Canals crisscross the Mississippi River Delta near Golden Meadow, Louisiana, where nutrient pollution remains a problem.

PHOTOGRAPH BY JOEL SARTORE, NATIONAL GEOGRAPHIC

Brian Clark Howard

National Geographic

Published April 11, 2014

U.S. federal scientists say water quality has declined in the massive Mississippi River Basin in recent years due to the combined effects of agricultural and urban infrastructure, despite decades of conservation efforts. That's a concern both for those who rely on the river system and for those downstream on the Gulf of Mexico, where a huge "dead zone" hurts fishing and recreational opportunities.

Scientists with the U.S. Geological Survey (USGS) sampled the main stem and four tributaries of the Mississippi River and found that levels of nitrate increased at more than half the sites from 1980 to 2010. Overall, nitrate levels increased by 14 percent during that period, the USGS reported in a congressional briefing on Capitol Hill Friday.

The new findings are a warning about water quality health nationwide, and raise a troubling issue: even when policymakers and environmental advocates try to clean up the waterways, their efforts are not always successful.

Scientists often focus on levels of nitrate because it plays an important role in the environment. The nitrogen in nitrate is an essential nutrient for plants. But too much of it leads to overgrowths of algae, called blooms, which can use up too much oxygen in the water (a process called eutrophication), choke out fish and seagrasses, and in some cases release toxic chemicals.

Large algal blooms have created dead zones in Puget Sound, the Chesapeake Bay, Long Island Sound, and many other waterways. The Gulf of Mexico is now host to the world's second largest dead zone, a patch of impaired sea about the size of New Jersey. (Learn more about river basins.)

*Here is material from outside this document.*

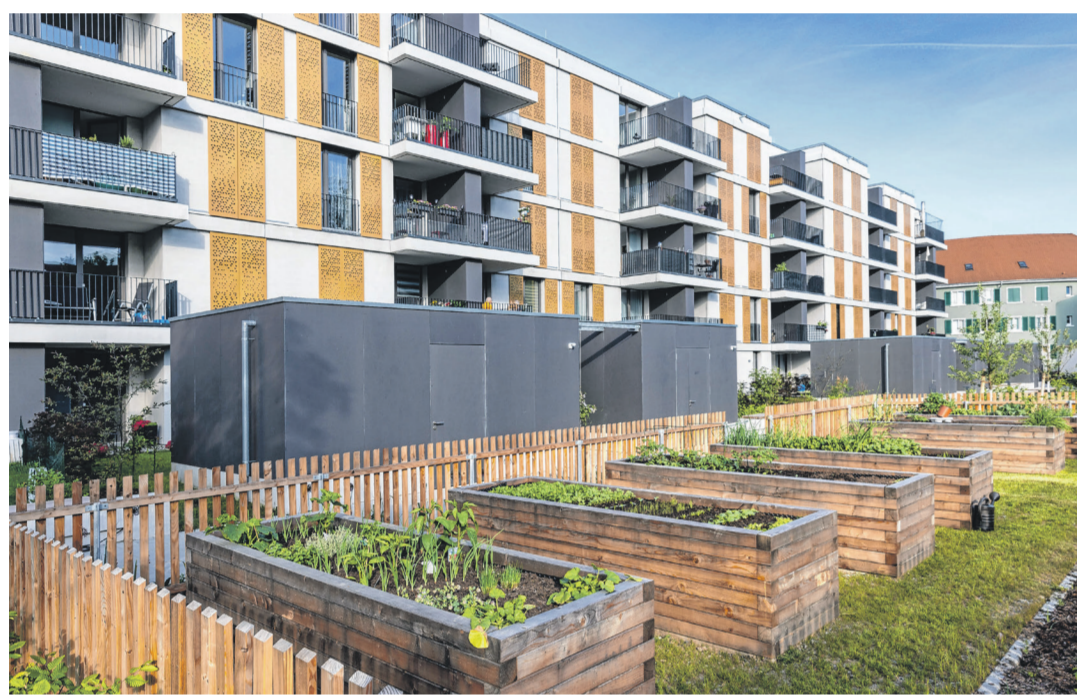
Alle zukünftigen Bewohner und Bewohnerinnen haben Zugang zur grünen Gartenanlage im Innenhof.

"When oxygen gets too low, most fish can't live there," says Nancy Rabalais of the Louisiana Universities Marine Consortium, who studies the dead zone. "They'll swim away if they can, but if they are associated with the bottom they can't." She points to declines in shrimp catches and charter fishing trips in the area and an estimated loss of $82 million a year.

The Mississippi Basin is a good representative of the rest of the country because it has mixed urban and agricultural areas, and because "many lessons learned there can be applied throughout the U.S.," said Lori Sprague, a hydrologist with USGS's National Water-Quality Assessment Program, at the hearing.

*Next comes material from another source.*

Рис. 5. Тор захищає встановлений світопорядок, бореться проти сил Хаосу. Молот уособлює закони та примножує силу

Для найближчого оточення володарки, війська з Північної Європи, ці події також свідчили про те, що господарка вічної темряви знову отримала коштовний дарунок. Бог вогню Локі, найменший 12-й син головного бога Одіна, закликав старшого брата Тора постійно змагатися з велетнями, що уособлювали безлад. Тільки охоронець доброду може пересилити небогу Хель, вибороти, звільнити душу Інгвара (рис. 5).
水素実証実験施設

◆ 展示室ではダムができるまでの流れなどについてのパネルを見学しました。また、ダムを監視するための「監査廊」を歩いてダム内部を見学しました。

Across the country, more than half of the streams and rivers are in "impaired condition," meaning swimming and fishing are not advisable, reports the Environmental Protection Agency.

Rising Tide of Nitrates

Sprague said that although data from decades ago are limited, available numbers show that since the 1940s, nitrate levels skyrocketed in the Mississippi Basin, from less than one million tons of input to about 13 million tons by the mid 2000s. The biggest sources are industrial fertilizers (41 percent) and animal manure (10 percent), followed by urban areas (7 percent), wastewater treatment (7 percent), and other sources.

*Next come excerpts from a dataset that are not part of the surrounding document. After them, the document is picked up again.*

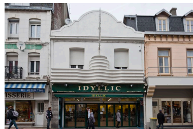
Ancien cinéma rue de l'Impératrice.
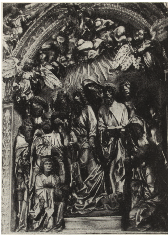
11. Koźmin (pow. Krotoszyn). Kościół farny, rzeźba ołtarzowa przedstawiająca grupę „Zaśnięcia NMP” — stan po konserwacji

1956—57 art. konserwatorzy K. Dąbrowski i M. Lesiak (PKZ Oddz. Warszawa — Pracownia Sztuki Zdobniczej).
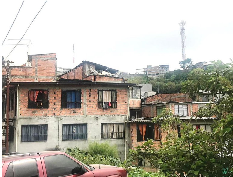
Foto No. 2 Fachada lateral
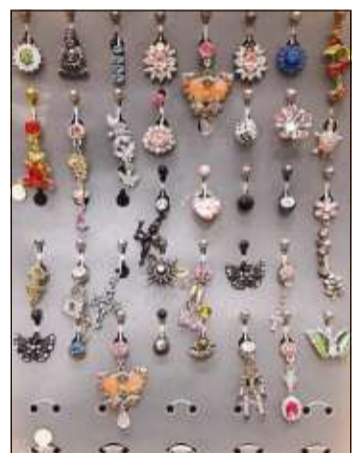
Piercing-Schmuck in großer Auswahl und für jeden Geschmack finden die Kundinnen und Kunden im Bodystudio Ilona.

Piercings werden selbstverständlich auch heute noch gestochen. Höchste Hygienemaßstäbe sind dabei selbstverständlich.
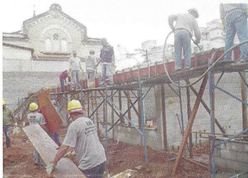
Toda obra está sujeita ao recolhimento e registro de ART

O que é ART? A ART – Anotação de Responsabilidade Técnica é o instrumento instituído pela Lei nº 6.496, de 07 de dezembro de 1977, e regulamentada pela Resolução nº 425, de 1998, com o objetivo de definir, para os efeitos legais, a autoria e os limites da responsabilidade técnica pela execução de obra ou prestação de qualquer serviço de Engenharia, Arquitetura, Agronomia, Geologia, Geografia, Meteorologia, valorizando o exercício profissional. As ARTs do profissional registradas pelo Crea compõem seu acervo técnico.
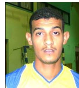
■ أسرار جلال
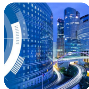
On Demand Service
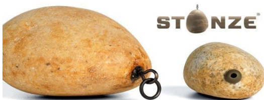
PALLATRAX STONZE: WWW.karperxl.nl
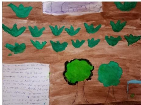
C. El campo

The decades since the 1940s represent the maturation of the "Green Revolution," when agricultural productivity in the basin increased 400 percent, says Colin Wellenkamp, the director of the Mississippi River Cities and Towns Initiative for the Northeast-Midwest Institute in Washington, D.C.

Studies now show that about 16 percent of the nitrate in fertilizer is not taken up by the crops to which it is applied, Sprague said at the hearing. Instead, it runs off fields and makes its way into ground or surface waters.

Fertilizer use on farms began to plateau around 1980, and over recent years many farmers have been applying smaller amounts of chemicals, thanks to stronger formulations and the rise of "precision agriculture," in which more targeted applications are made. The same trend has persisted on many golf courses and other landscaping efforts.

Still, from 1980 to 2010, the biggest gains in nitrates were seen in the upper Mississippi and Missouri River Basins, especially in Minnesota and Wisconsin, which saw increases of 50 percent. Parts of Illinois and Iowa saw decreases in nitrates during that period.

Conservation Measures?

Sprague said the data are unable to show exactly what effects are responsible for the changing nitrate levels. Modeling shows that conservation measures decrease nitrate levels, but in the real world, many factors are at play, including population growth, urban sprawl, changes in livestock operations, switching crops from soy to corn (which uses more fertilizers), and conversion of marginal land to cropland to support a booming corn ethanol market.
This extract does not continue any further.